So when one found its way into the store, it was - of course - a forgery. If it wasn’t, we wouldn’t be featuring it here, would we? How did the expert know? Well, it was surprisingly easy to tell, as it goes. The back of the canvas was clean. Meaning no paint had seeped through. The materials that Monet used would have bled through. It was a fugazi. 

The ‘Mary and Abe Lincoln’ Photo

 

If you had a ‘one in a million’ item, how much would you want for it? Exactly, you’d want one million for it. That’s what the cock-sure chap who strolled into the shop with a framed photograph of Abraham and Mary Lincoln wanted. A cool one million bucks.

Now the fellas in the shop were never going to hand over a mil, but they admired the seller’s chutzpah and bartering strategy. They were keen but, as they sensibly do, they wanted proof that the snap was genuine. So they called in an expert who examined it and, using special facial recognition software, the woman deemed it a fake. 

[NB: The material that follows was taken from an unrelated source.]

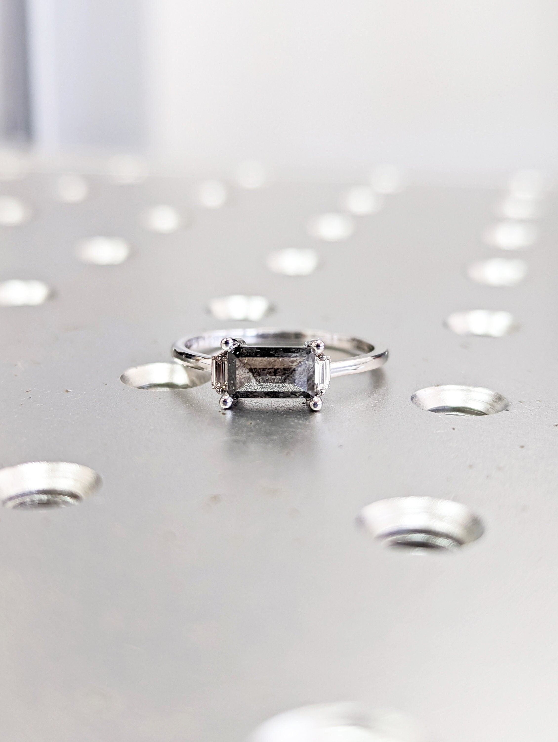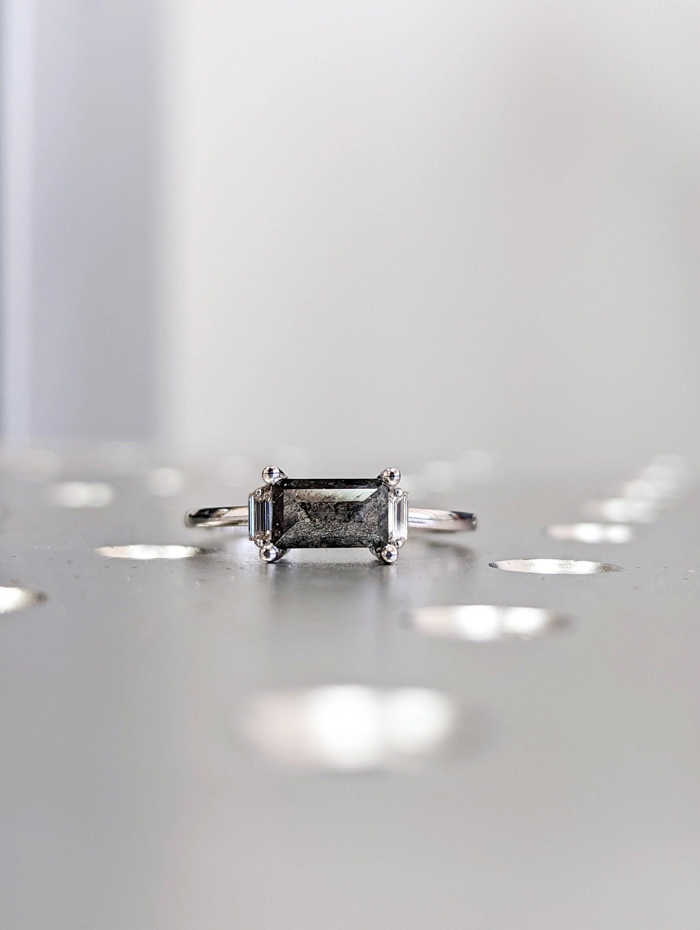 A stunningly beautiful vintage inspired design, petite band with a baguette cut Salt & Pepper diamond, adorned by 2 beautiful baguettes to contrast the center diamond.

The man with the photo was faced with the prospect of changing his asking price from $1m to around the price of a cup of coffee. He did no such thing, though. Instead, he did what any optimistic gambler does in Sin City after losing a hand and decided to double down. 

He refuses to believe the expert, opting to tell her instead that, in fact, he is more of an expert than she is. 'It's your career,' he tells her. 'You have the right to discredit yourself if you want to.' 

The dude left empty-handed. Well, not entirely empty. He was holding a totally worthless fake photograph of Abe Lincoln.